The difficulty sustaining the recognition and experience of our true nature results from the pernicious habit of dropping into only one aspects of mind’s nature – either awareness or spacious emptiness. When we collapse into the awareness aspect alone, we become solely immersed, one could say lost, in thoughts, emotions, and perceptions. That is most familiar to us. Appearances– mental and sensory – that arise in awareness as a display are mistaken as solid, independent, autonomous, personal, and external. We forget their other half – their empty, composite, impermanent and insubstantial nature. Most importantly, we forget that these dream-like experiences never leave or occur outside of the mind. This one-sided half-view is called the materialist perspective. It is mistaken, false, and the primary cause of all suffering.
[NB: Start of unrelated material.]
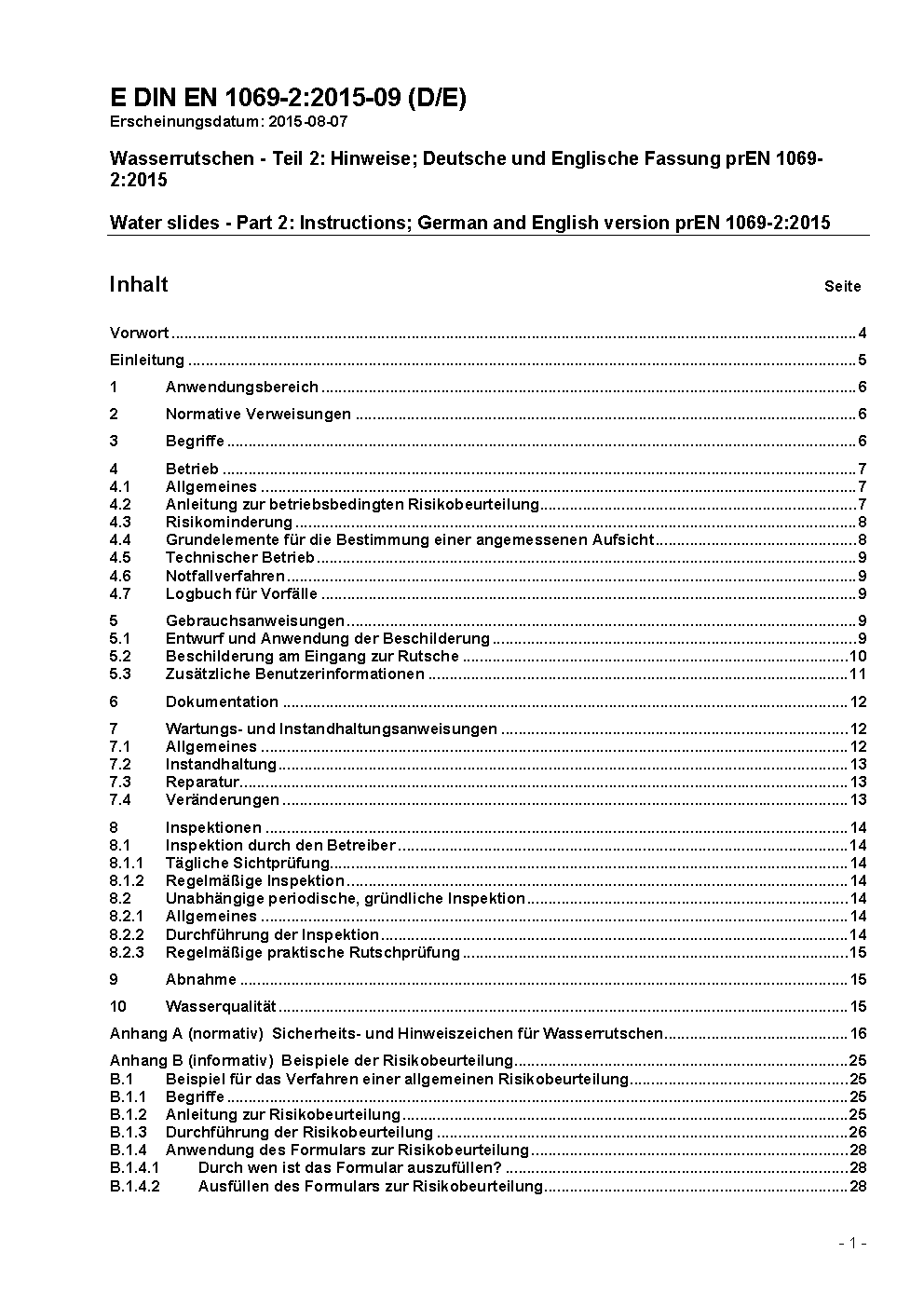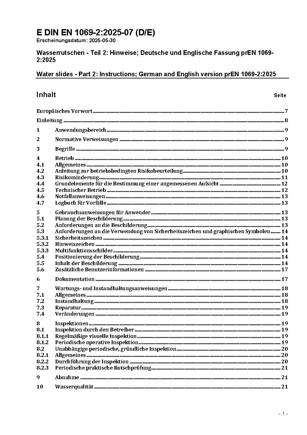 Wasserrutschen ab 2 m Höhe - Teil 2: Hinweise; Deutsche Fassung EN 1069-2:1999 / Achtung: Übergangsfrist, festgelegt durch DIN EN 1069-2 (2010-12), bis 2011-08-31 beachten.

In contrast, when we only drop into the spacious and empty aspect of mind – empty of any fixed characteristics – we fall into a dull, blank, vacuous void lacking awareness or mental activity. It is like a “deathless” death. It is the unconscious fear of this “nothingness” that keeps individuals busy, that drives “doingness.” This half-view is called the nihilistic perspective. It is also the cause of suffering.

Let’s now return to the two terms: co-emerging confusion and co-emerging wisdom. When we fall into either extreme – materialism or nihilism, losing ourself in appearances or emptiness – into only one aspect of our true nature we become confused, as we no longer recognize the two-fold nature of our being. We either become lost in attachment to materialism – a seemingly solid object-based world – or nihilism – a seemingly meaningless nothingness. These one-sided and false expressions of our true nature are accompanied by confusion. This is not a moral failure, but rather a simple loss of seeing, a loss of recognition of our mind’s full nature.

When we recognize both aspects of reality simultaneously – spacious emptiness and simple awareness – we know the true nature of mind and reality. That allows for an accurate and full knowing of the fundamental truth of self and reality. With this full and accurate knowing there simultaneously co-emerges a wisdom that knows the fundamental truth and essence of life. This co-emergent wisdom is precise, accurate, free of confusion-based suffering, and the great treasure of human life.

It is said that when a light is turned on in a room, the darkness of millennia disappears instantly. Likewise, when we awaken from a night dream, the belief in its reality ends forever. In the same way, when we awaken – even briefly – from the half-knowing of our true nature, we can never completely return to false understanding.

So be patient with meditation. And when a glimpse arrives – however brief – recognize and cherish it.